> [Dataset excerpt]:
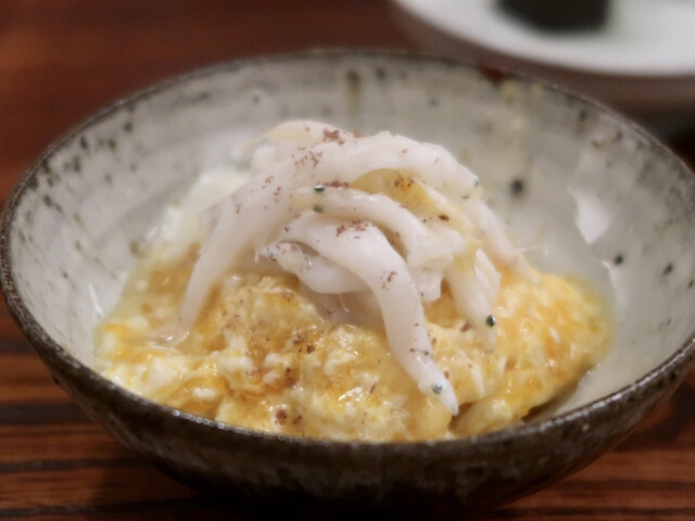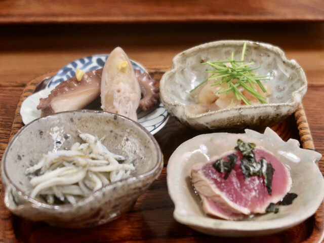 13. 御食事 イイダコ辛子和え 氷魚柚子胡椒 マグロ漬け 鯛肝和え
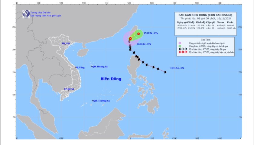 Hồi 07 giờ ngày 16/11, vị trí tâm bão ở vào khoảng 22,4 độ Vĩ Bắc; 120,3 độ Kinh Đông, trên vùng biển phía Nam Đài Loan (Trung Quốc). Sức gió mạnh nhất vùng gần tâm bão mạnh cấp 8 (62-74km/h), giật cấp 10. Di chuyển theo hướng Bắc Đông Bắc, tốc độ khoảng 15km/h.
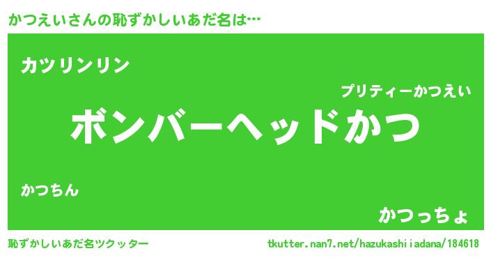| ヒーロー風カッコイイあだ名 | 『仮面カツダー』『慈愛の使者かつえい』 |

> [Work instructions]: Without copying any picture, write out all of the material exactly as it reads.

> [Solution to this task]:
 13. 御食事 イイダコ辛子和え 氷魚柚子胡椒 マグロ漬け 鯛肝和え
 Hồi 07 giờ ngày 16/11, vị trí tâm bão ở vào khoảng 22,4 độ Vĩ Bắc; 120,3 độ Kinh Đông, trên vùng biển phía Nam Đài Loan (Trung Quốc). Sức gió mạnh nhất vùng gần tâm bão mạnh cấp 8 (62-74km/h), giật cấp 10. Di chuyển theo hướng Bắc Đông Bắc, tốc độ khoảng 15km/h.
| ヒーロー風カッコイイあだ名 | 『仮面カツダー』『慈愛の使者かつえい』 |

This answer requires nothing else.